# It's done, steak on new grill



## 007bond-jb (May 31, 2007)

http://www.youtube.com/watch?v=O7i31D9lC4Y
http://www.youtube.com/watch?v=GKGFicsCZxM


----------



## Cliff H. (May 31, 2007)

That is mo better JB.  Looks like you got it broke in right already.


----------



## ScottyDaQ (May 31, 2007)

Mmmm those are my kinda steaks!


----------



## 007bond-jb (May 31, 2007)

Are you talkin bout my offset or my new grill?


----------



## Smokey_Joe (May 31, 2007)

MMMMM... cupcakes with old timey fudge icing and some ice cold milk....MMMMM

Oh..the filet loked good too  !

What kinda 1976 smoker ya got back there boy?


----------



## 007bond-jb (May 31, 2007)

Yes you missed the video, huh? The offset wasen't lit. The thermo you are refering to is a oven therm. just sitting on the firebox. The smoke chamber has 3 thremos 1 top doam, & 2 at grate level


----------



## SteerCrazy (May 31, 2007)

nice lookin feelay boy!


----------



## 007bond-jb (May 31, 2007)

SteerCrazy said:
			
		

> nice lookin feelay boy!



 

quote="Smokey_Joe"]MMMMM... cupcakes with old timey fudge icing and some ice cold milk....MMMMM

Oh..the filet loked good too  !

What kinda 1976 smoker ya got back there boy?  [/quote]

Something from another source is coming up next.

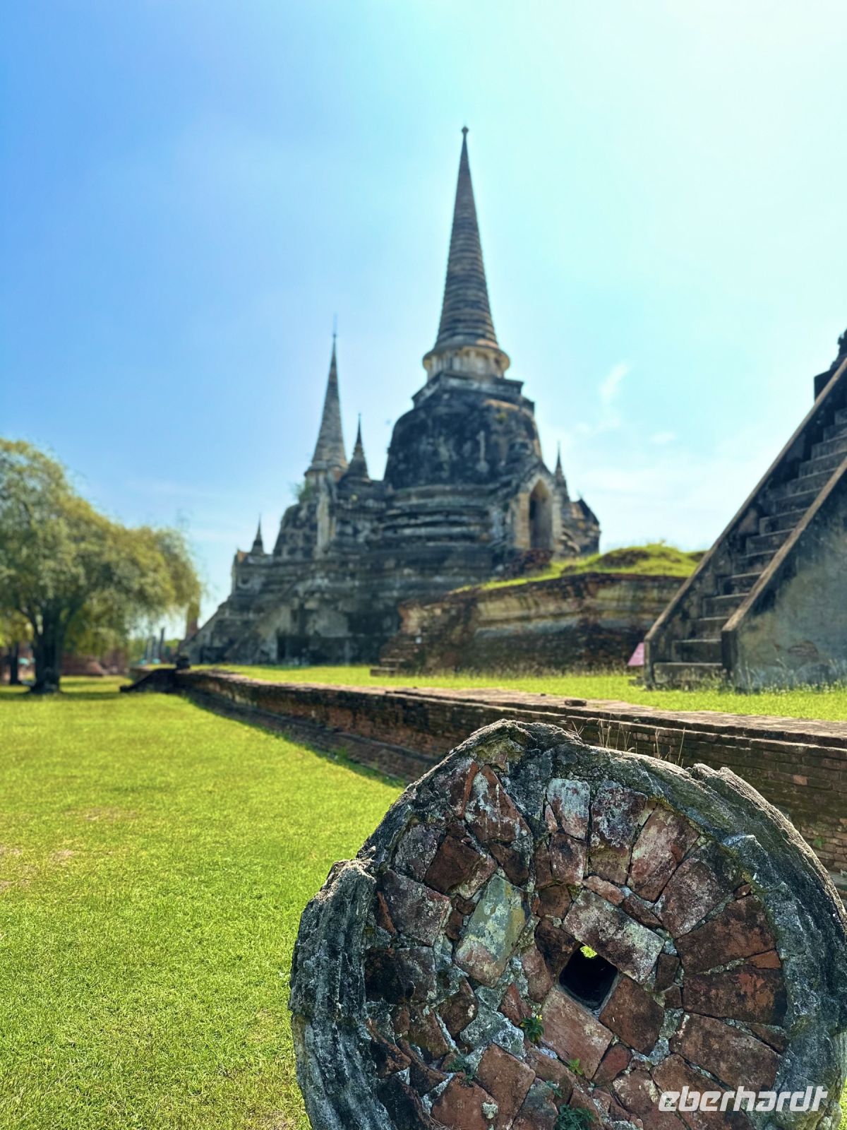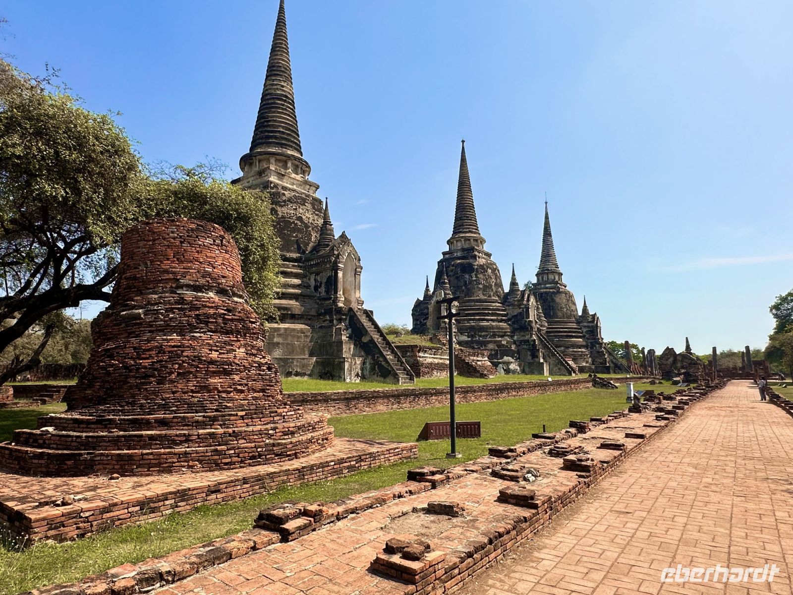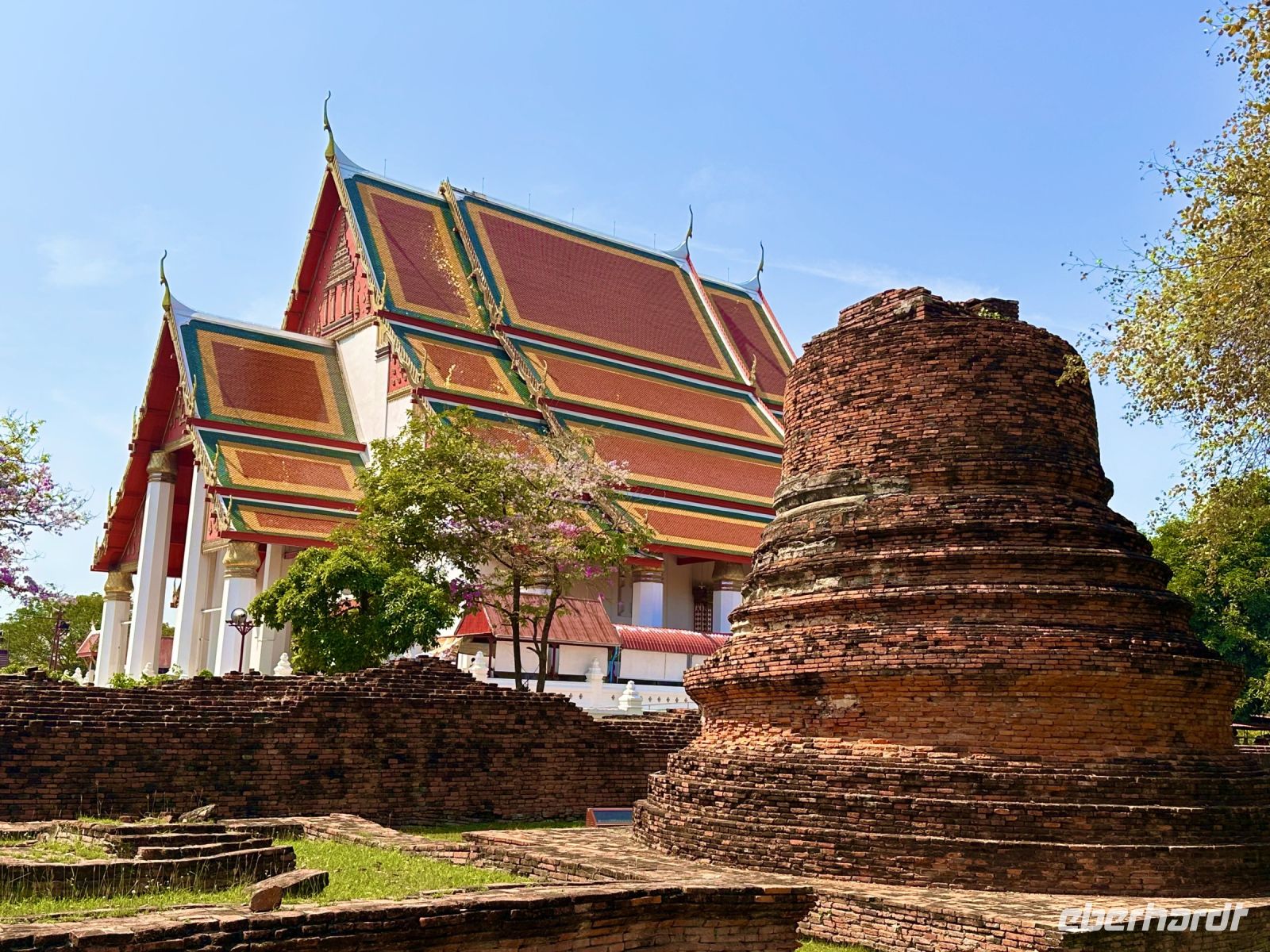 Heute verlassen wir die große Stadt und reisen mit unseren Bussen weiter in Richtung Norden. Entlang der schönen Landschaften genießen wir die Fahrt und kommen in die einstige Hauptstadt des Königreichs Siam. In Ayuthaya besichtigen wir die weitläufigen Ruinen der damaligen Temperanlagen und sind sehr beeindruckt.

Them  cup cakes  were real fine Too

Over Here Boy
http://www.bbq-4-u.com/viewtopic.php?t=7986


----------



## Smokey_Joe (May 31, 2007)

Dang!...I even posted IN that thread...I gots me some of that CRS syndrome goin on!  CAN'T REMEMBER SHIT


----------



## Puff1 (May 31, 2007)

Lookin' good boy 8)


----------



## Diva Q (May 31, 2007)

yummy looking meal. 

For some reason I crave steak and chocolate now.


----------



## 007bond-jb (May 31, 2007)

I'm a hafta post the recipe for sheet cake, FRESH not from no damm mix, From Scratch Yall


----------



## Captain Morgan (May 31, 2007)

quit eatin dem cupcakes in front of me, BOY!


----------



## john a (May 31, 2007)

Keep it up JB, you're gonna make me go out and buy some more steaks. That looks terrific.


----------